Material for the task:

/---

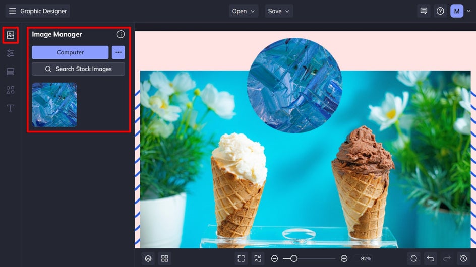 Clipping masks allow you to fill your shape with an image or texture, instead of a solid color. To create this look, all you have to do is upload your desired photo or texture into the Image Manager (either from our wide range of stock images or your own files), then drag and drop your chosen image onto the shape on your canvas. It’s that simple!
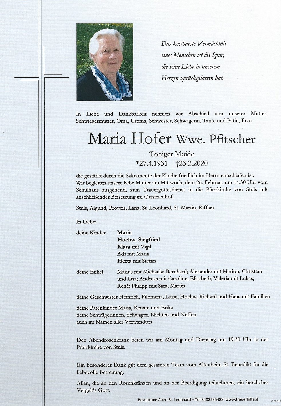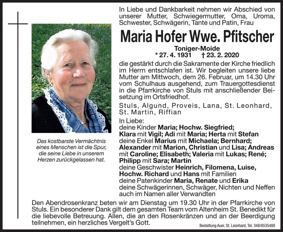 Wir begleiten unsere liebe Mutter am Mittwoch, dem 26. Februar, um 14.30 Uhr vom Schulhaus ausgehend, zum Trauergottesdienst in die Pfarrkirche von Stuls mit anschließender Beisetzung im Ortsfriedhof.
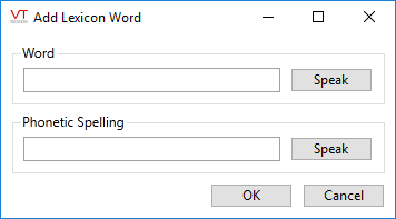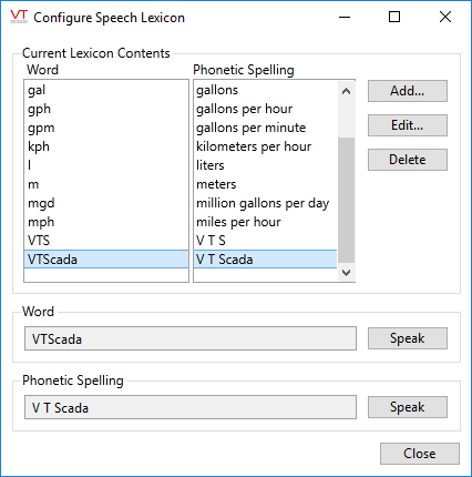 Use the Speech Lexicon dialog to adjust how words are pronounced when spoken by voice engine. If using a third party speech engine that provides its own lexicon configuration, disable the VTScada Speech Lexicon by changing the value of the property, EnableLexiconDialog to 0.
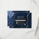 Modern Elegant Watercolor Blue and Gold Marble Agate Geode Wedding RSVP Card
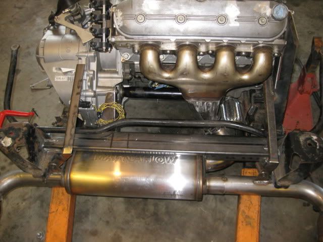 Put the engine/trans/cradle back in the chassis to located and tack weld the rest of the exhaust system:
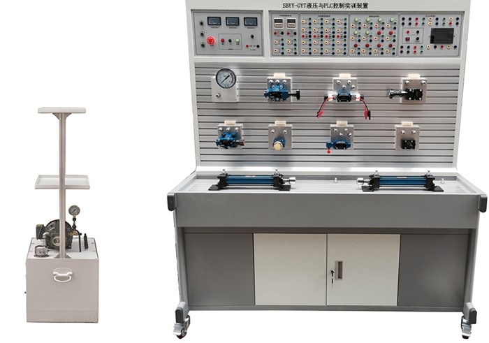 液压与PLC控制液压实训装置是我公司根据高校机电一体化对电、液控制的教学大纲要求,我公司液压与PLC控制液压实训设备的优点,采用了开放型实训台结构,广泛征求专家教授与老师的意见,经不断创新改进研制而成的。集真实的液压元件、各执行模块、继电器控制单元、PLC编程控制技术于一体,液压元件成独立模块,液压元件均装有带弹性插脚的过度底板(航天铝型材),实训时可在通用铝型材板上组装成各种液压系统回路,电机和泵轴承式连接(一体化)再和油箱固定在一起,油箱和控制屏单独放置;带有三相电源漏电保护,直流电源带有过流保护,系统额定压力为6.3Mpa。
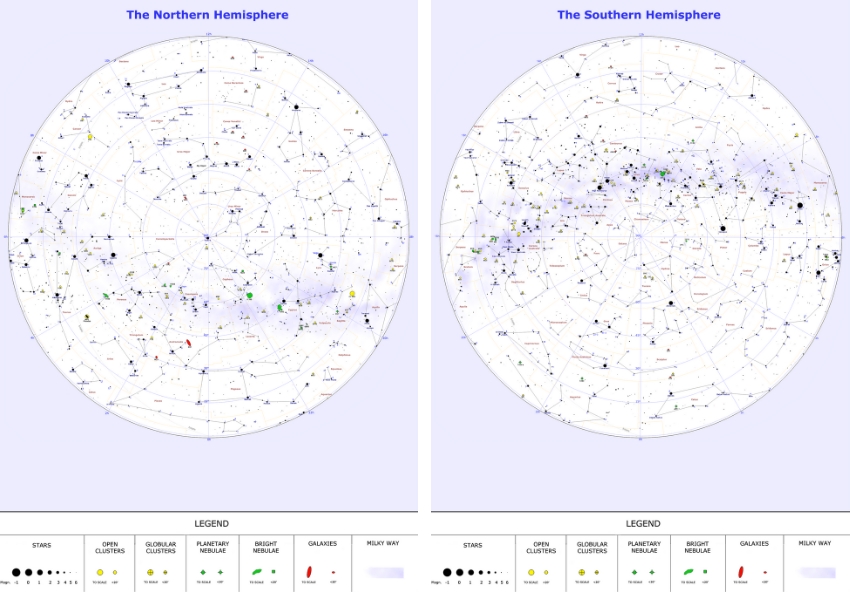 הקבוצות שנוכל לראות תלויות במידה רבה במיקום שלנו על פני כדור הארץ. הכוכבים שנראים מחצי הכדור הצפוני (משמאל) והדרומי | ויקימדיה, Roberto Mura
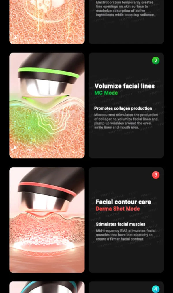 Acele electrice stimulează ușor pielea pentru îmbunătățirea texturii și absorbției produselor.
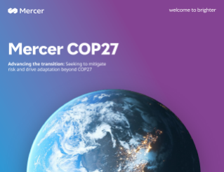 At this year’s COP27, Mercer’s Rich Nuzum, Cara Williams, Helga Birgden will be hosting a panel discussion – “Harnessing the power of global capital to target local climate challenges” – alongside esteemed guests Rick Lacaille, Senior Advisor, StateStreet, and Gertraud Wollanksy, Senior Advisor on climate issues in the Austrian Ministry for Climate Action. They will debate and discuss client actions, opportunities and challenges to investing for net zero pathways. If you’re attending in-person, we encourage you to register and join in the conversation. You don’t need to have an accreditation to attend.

\---

Task item: Apart from the pictures, the material above has to be repeated exactly.

Task output:
 Clipping masks allow you to fill your shape with an image or texture, instead of a solid color. To create this look, all you have to do is upload your desired photo or texture into the Image Manager (either from our wide range of stock images or your own files), then drag and drop your chosen image onto the shape on your canvas. It’s that simple!
 Wir begleiten unsere liebe Mutter am Mittwoch, dem 26. Februar, um 14.30 Uhr vom Schulhaus ausgehend, zum Trauergottesdienst in die Pfarrkirche von Stuls mit anschließender Beisetzung im Ortsfriedhof.
 Use the Speech Lexicon dialog to adjust how words are pronounced when spoken by voice engine. If using a third party speech engine that provides its own lexicon configuration, disable the VTScada Speech Lexicon by changing the value of the property, EnableLexiconDialog to 0.
 Modern Elegant Watercolor Blue and Gold Marble Agate Geode Wedding RSVP Card
 Put the engine/trans/cradle back in the chassis to located and tack weld the rest of the exhaust system:
 液压与PLC控制液压实训装置是我公司根据高校机电一体化对电、液控制的教学大纲要求,我公司液压与PLC控制液压实训设备的优点,采用了开放型实训台结构,广泛征求专家教授与老师的意见,经不断创新改进研制而成的。集真实的液压元件、各执行模块、继电器控制单元、PLC编程控制技术于一体,液压元件成独立模块,液压元件均装有带弹性插脚的过度底板(航天铝型材),实训时可在通用铝型材板上组装成各种液压系统回路,电机和泵轴承式连接(一体化)再和油箱固定在一起,油箱和控制屏单独放置;带有三相电源漏电保护,直流电源带有过流保护,系统额定压力为6.3Mpa。
 הקבוצות שנוכל לראות תלויות במידה רבה במיקום שלנו על פני כדור הארץ. הכוכבים שנראים מחצי הכדור הצפוני (משמאל) והדרומי | ויקימדיה, Roberto Mura
 Acele electrice stimulează ușor pielea pentru îmbunătățirea texturii și absorbției produselor.
 At this year’s COP27, Mercer’s Rich Nuzum, Cara Williams, Helga Birgden will be hosting a panel discussion – “Harnessing the power of global capital to target local climate challenges” – alongside esteemed guests Rick Lacaille, Senior Advisor, StateStreet, and Gertraud Wollanksy, Senior Advisor on climate issues in the Austrian Ministry for Climate Action. They will debate and discuss client actions, opportunities and challenges to investing for net zero pathways. If you’re attending in-person, we encourage you to register and join in the conversation. You don’t need to have an accreditation to attend.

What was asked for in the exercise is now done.